I assume you all already know what Jeremy, and many other prominent scholars teach us about overitting in neural networks. It may be summarized as follows: As long as your accuracy keeps improving, don’t care about your TL getting below (even significantly below) your VL (see below for a more in depth discussion if you forgot the lesson).
Of course, I strongly believe this is true. But let us assume that we have two models trained over the same data, achieving the same level of accuracy/error rate.
One model, though, has its TL still above the VL (or even below, but not by much).
On the other hand, the second model got a TL significantly below the VL, or even close to zero. Maybe since you used a bigger network, maybe since you meddled with dropout and stuff, maybe since we kept training a bit longer than necessary.
What I want to ask is: will the first model have a better generalization capacity?.
For example, if we use that model in production over data which possess quite a different underlying distribution w.r.t the train/validation data, will it perform better than our second model?

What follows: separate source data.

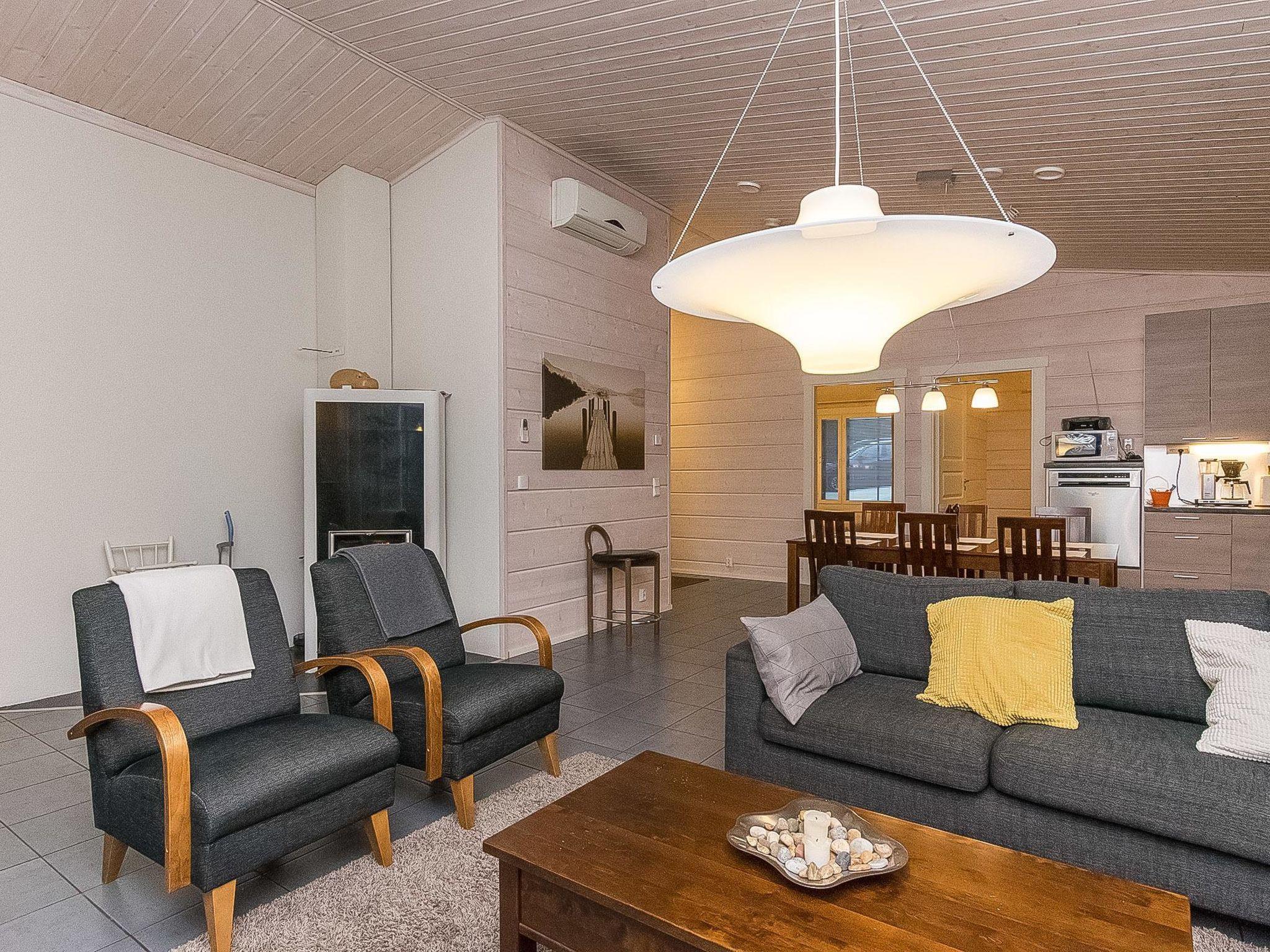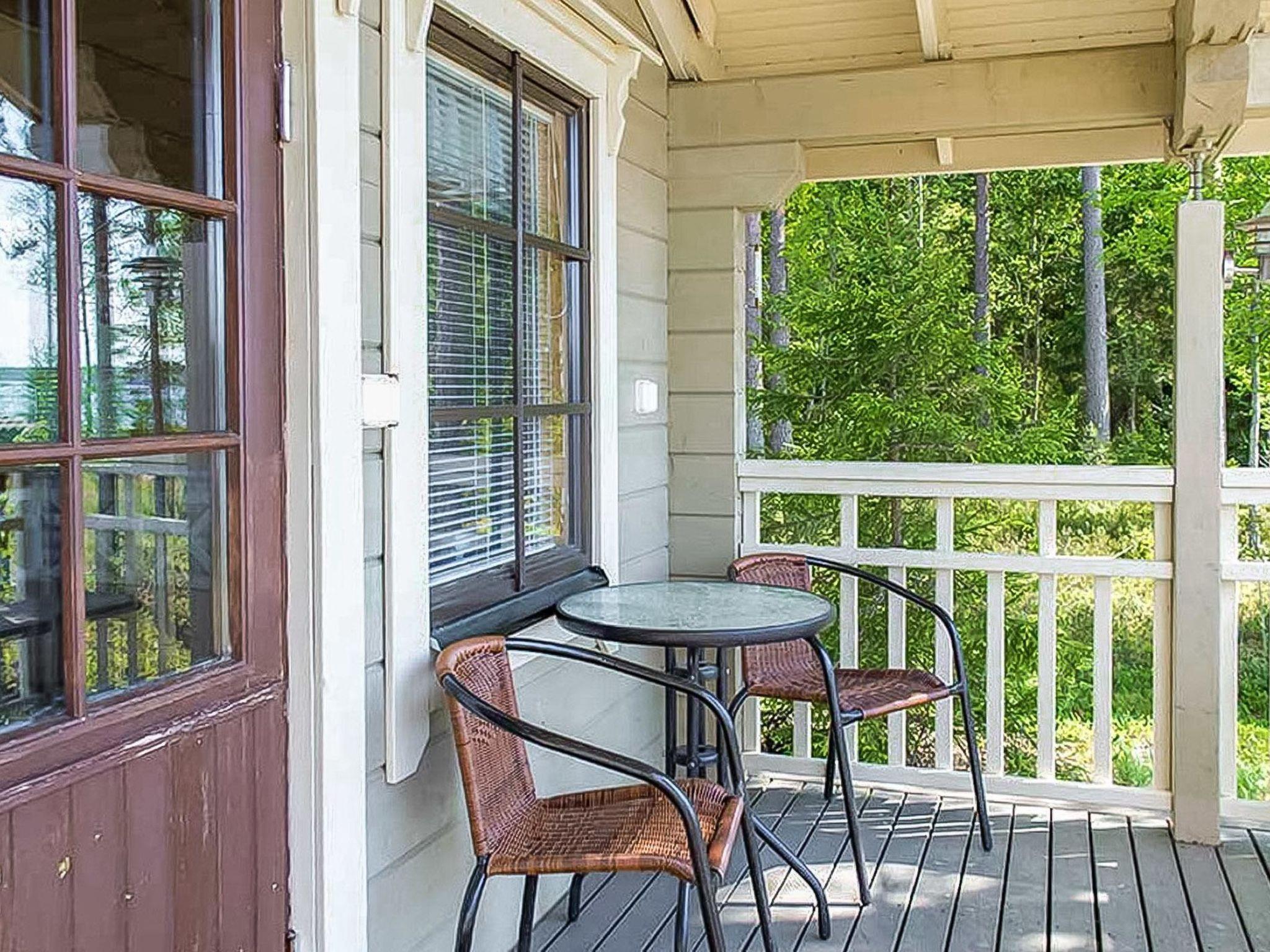 Log villa 2014, living room/kitchen, three bedrooms (10 m²), one with double bed and other two with two beds, all with spacious wardrobes, dressing room, washroom (2 showers and WC) sauna with electric sauna stove, separate WC, terrace.
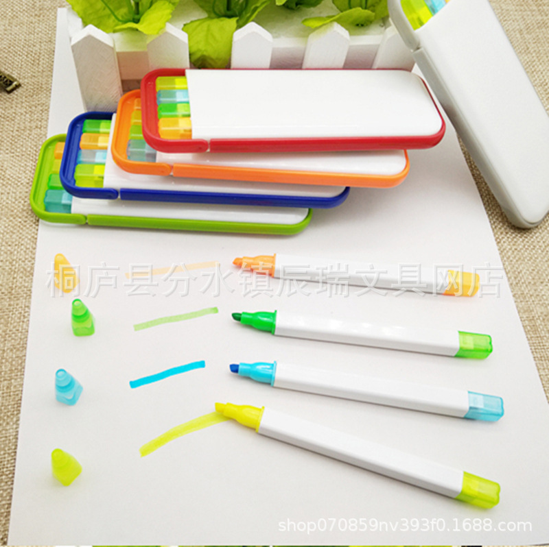 为了更好的方便大家 收纳盒里面可以全部是荧光笔,如图左边是常规的3+1+1,右边是5支不同色的荧光笔,提供了选择空间
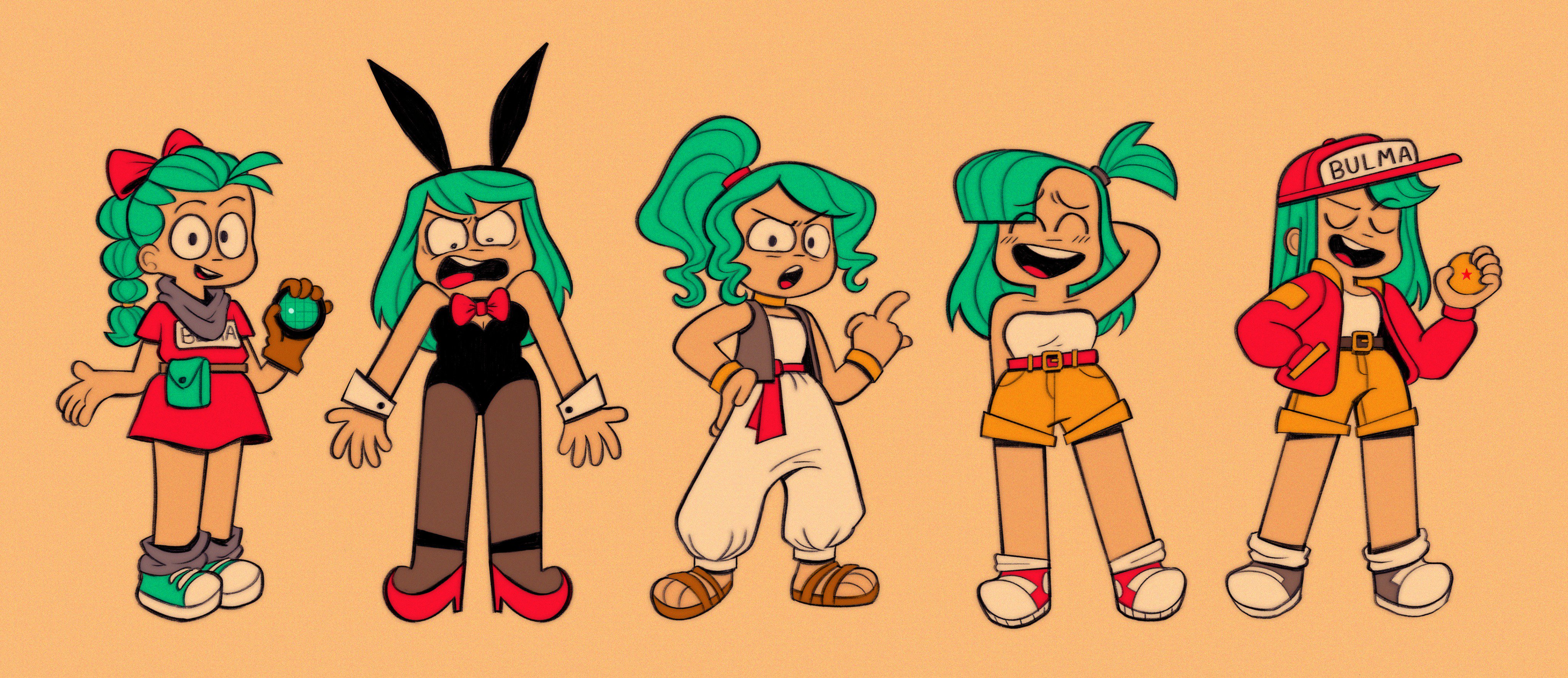 >:( >:d >:o 5girls :d ^_^ absurdres ancient_egyptian_clothes animal_ears annoyed aqua_hair aqua_shoes arm_behind_back arms_at_sides bare_arms bare_legs baseball_cap belt black_eyes black_leotard blush bow bowtie bracelet braid bulma cartoonized character_name chibi choker closed_eyes clothes_writing commentary curly_hair dragon_ball dragon_ball_(classic) dragon_ball_(object) dress english_commentary frown full_body gloves grey_shoes grey_sneakers grin hair_ribbon hand_in_own_hair hand_in_pocket happy hat high_heels highres holding jacket jewelry leotard long_hair looking_at_viewer looking_down middle_finger multiple_girls multiple_persona open_mouth outstretched_arms outstretched_hand pants pantyhose parody pink_dress pink_ribbon playboy_bunny ponytail puffy_pants purple_bow purple_bowtie purple_scarf rabbit_ears radar red_belt red_jacket red_shoes red_sneakers ribbon sandals scarf shirt shoes shorts simple_background single_glove sleeveless sleeveless_shirt smile sneakers socks standing style_parody tank_top teeth thighhighs toon_(style) v-shaped_eyebrows vest waistcoat white_pants white_shirt yellow_shorts
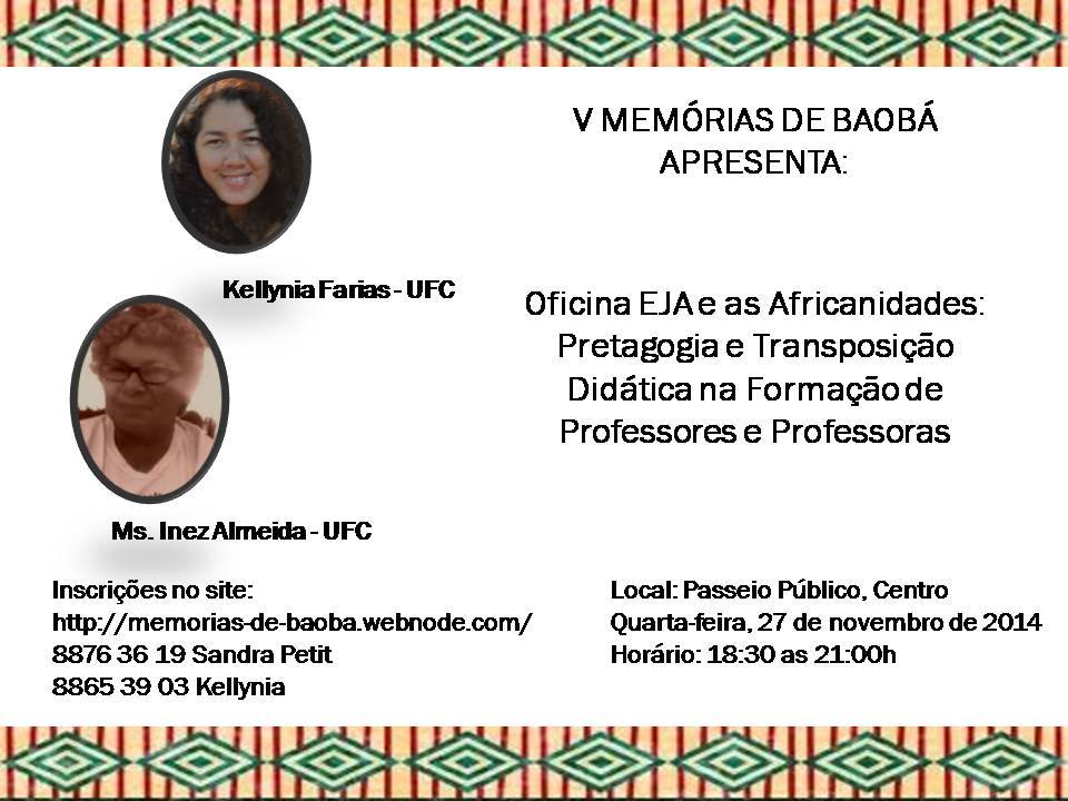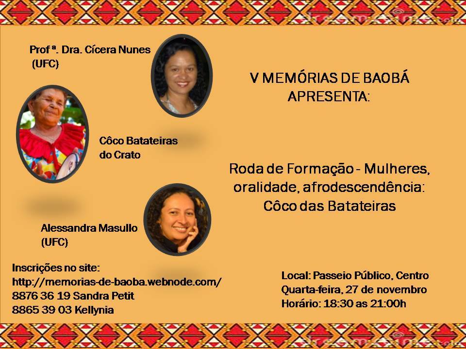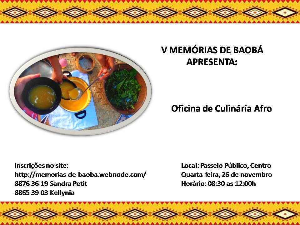 O V Memórias de Baobá, apresenta aqui as oficinas, mini cursos e rodas de formação. Essa variedade de atividades, linguagens e vivências é uma amostra de quão complexa é cultura afrobrasileira .

I’m asking this since I worked over “real” data with that philosophy in mind, achieving awesome accuracies with models having their TL a lot below the VL. As the model was used against test images in the same domain, but with different shooting conditions, that accuracy worsened a lot.
(*) Long version:
So the only thing that tells you that you’re overfitting is that the error rate improves for a while and then starts getting worse again. You will see a lot of people, even people that claim to understand machine learning, tell you that if your training loss is lower than your validation loss, then you are overfitting. As you will learn today in more detail and during the rest of course, that is absolutely not true .
Any model that is trained correctly will always have train loss lower than validation loss.
That is not a sign of overfitting. That is not a sign you’ve done something wrong. That is a sign you have done something right. The sign that you’re overfitting is that your error starts getting worse, because that’s what you care about. You want your model to have a low error. So as long as you’re training and your model error is improving, you’re not overfitting.